Anon - yes, so much, in fact, Scotland will be importing balancing electricty from GB for a very long time to come, at the high prices that will prevail when the wind isn't blowing

and conversely, their exports to GB will be at very low prices, if not actually negative (cf Germany). Suits me.

Sebastian Weetabix said...

As far as I'm concerned they can put one at the end of my garden.

hovis said...

Talking to a South African friend who was very pro thorium andraving about small 'pebble' thorium reactors. Small reacctors would allow a more distributed sources -no? As long as it's small and thorium I am support, but and uranium is silly in my book.

rwendland said...

hovis, the South African "Pebble bed modular reactor" (uranium, not thorium) had a life much like any other nuclear research, but larger and more costly:

They started from a sort-of working a German prototype, did R&D on it of over 11 years, at times with 1,800 staff and university researchers they claimed, and didn't get to anything commercially viable.

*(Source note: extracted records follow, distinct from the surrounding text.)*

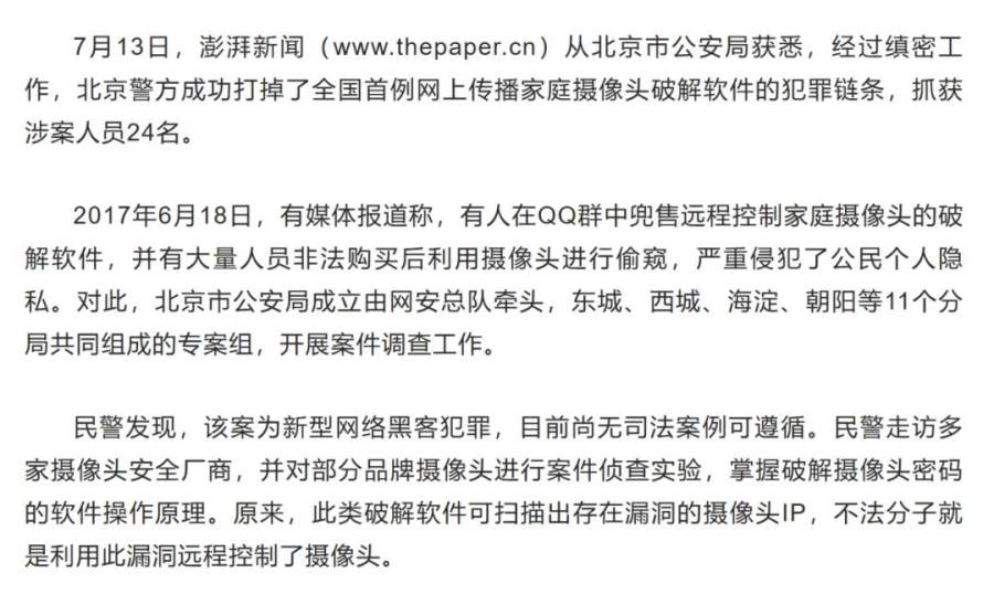 知危编辑部早年间也刷到过一些新闻,让人不禁倒吸一口凉气。比如 2017 年的时候,北京警方曾打掉全国首例破解家庭网络摄像头的犯罪链条,抓获了 24 名犯罪嫌疑人。
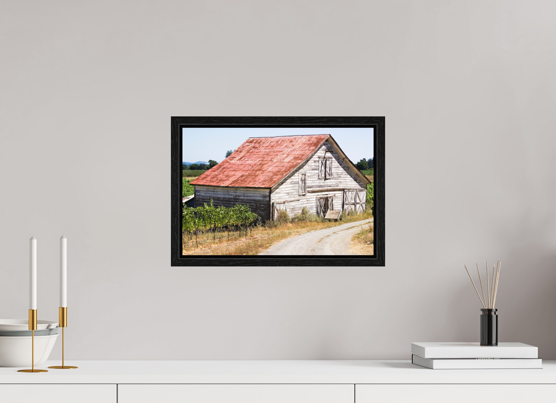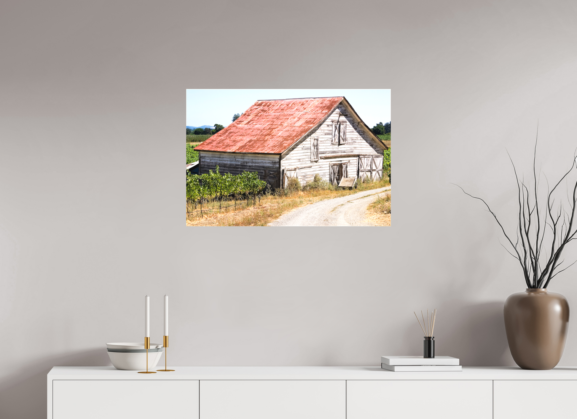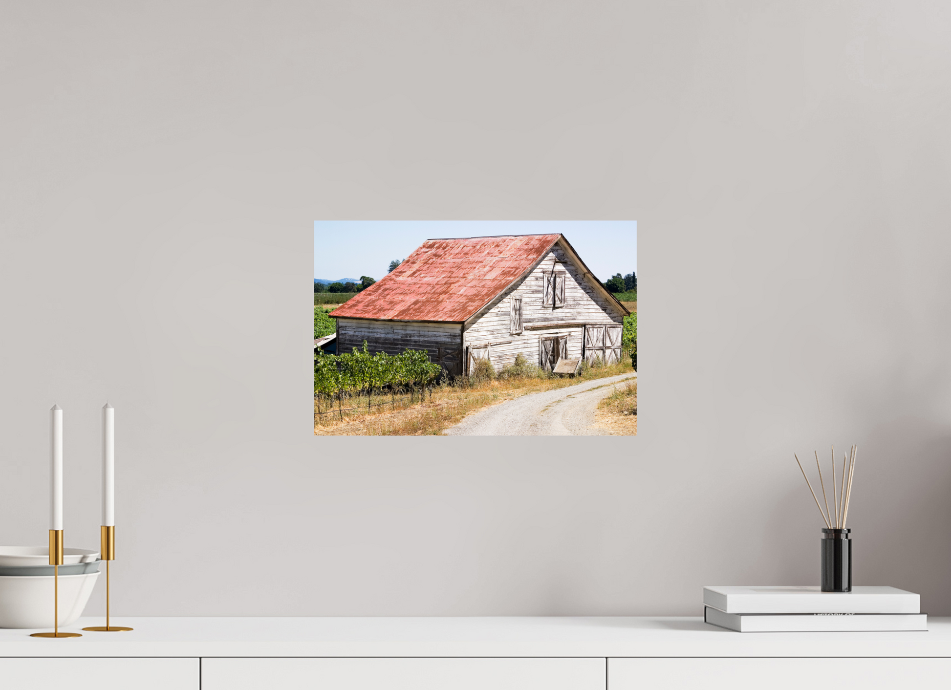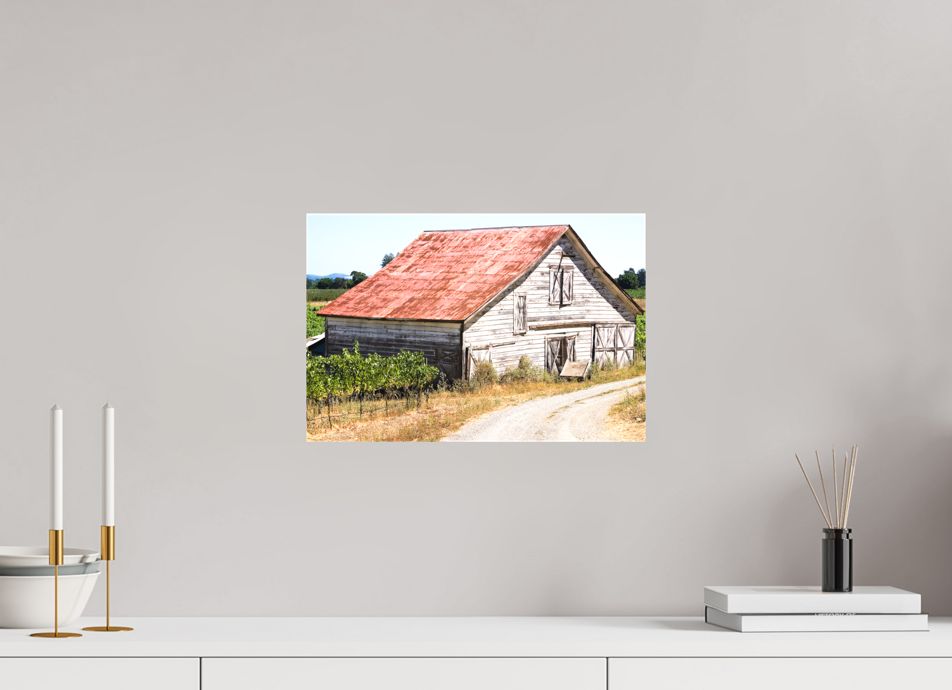 This fine art print—captured in Dry Creek Valley—is the very first photograph of wine country I ever offered for sale. The weathered barn, rusted roof, and winding gravel path are all real, rendered with such clarity and character that viewers often mistake it for a painting.
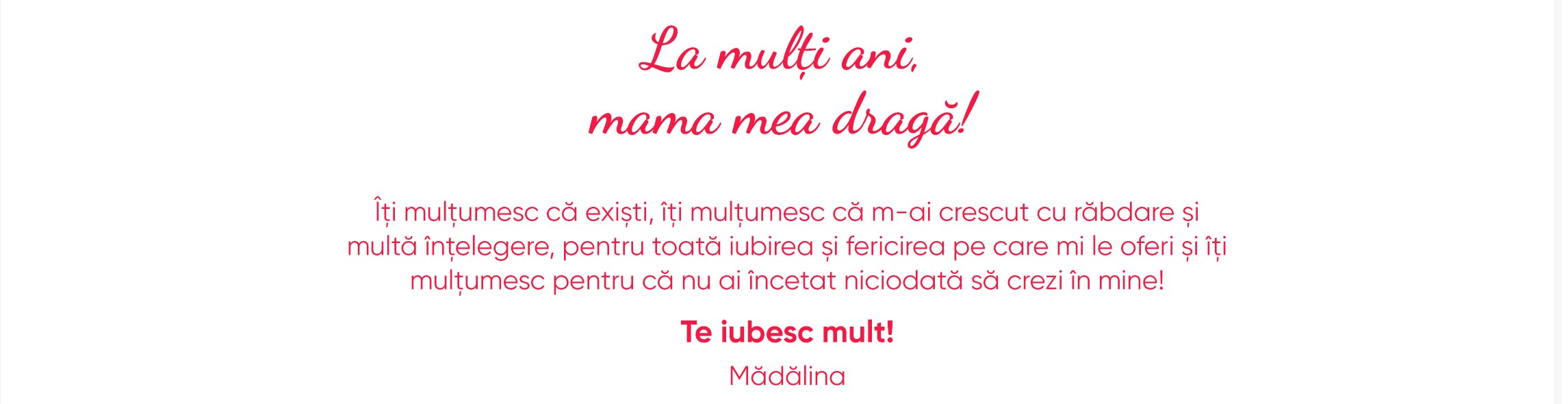 Vezi și alte Cadouri de 8 Martie, Cadouri de zi de naștere, Cadouri de zi de naștere pentru ea, Cadouri de Ziua Mamei si de 8 Martie, Cadouri personalizate de 8 martie pentru bunica, Cadouri personalizate de 8 martie pentru mama, Ciocolată personalizată pentru Mărțișor, Cutii de bomboane personalizate pentru zile de naștere, Cutii de ciocolată personalizate de 8 Martie, Cutii de ciocolată personalizate de Mărțișor, Dulciuri pentru 8 martie, Dulciuri pentru mama, Dulciuri personalizate pentru Mărțișor, Dulciuri personalizate pentru zi de naștere, Toate cadourile de 8 Martie, Cadouri de 8 martie pentru iubită și soție, Cadouri pentru soție, Cadouri personalizate pentru iubită, Cadouri personalizate pentru mama, Cadouri personalizate pentru profesoare de 8 martie, Ciocolată pentru mama, Dulciuri personalizate pentru ea, Dulciuri personalizate pentru iubită, Primul 8 martie ca mamă, Toate cadourile pentru iubită, Toate cadourile pentru mama, Cadouri personalizate, Cutii de bomboane, Toate cutiile de bomboane personalizate, Toate dulciurile și bomboanele personalizate, Cadouri, Cadouri în trend, Cadouri noi și originale, Toate cadourile, Cadouri pentru iubitorii de ciocolată, Cutii de bomboane personalizate, Dulciuri personalizate pentru bunici, Dulciuri personalizate la reducere, Toate cadourile de zi de naștere.
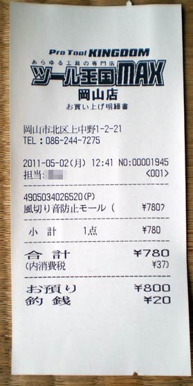 買ったのはこれ、静音計画。AZ−1のドアモールの代替品である。これはツール王国MAXで取り扱っていなかったものなので、店が独自に手配したものだ。

The finance was almost entirely from public funds, including some from our BNFL and French Areva/EDF. The South African govt put up well over $1 billion.

Eventually even the South African govt realised it was not going to be commercial, and pulled the plug in 2010 ("mothballed"). It had not "been able to secure an anchor customer, or another investment partner", "The project has been consistently missing deadlines", and needed several more $billion funding to build the first demonstration model.

Par for the course on nuclear projects.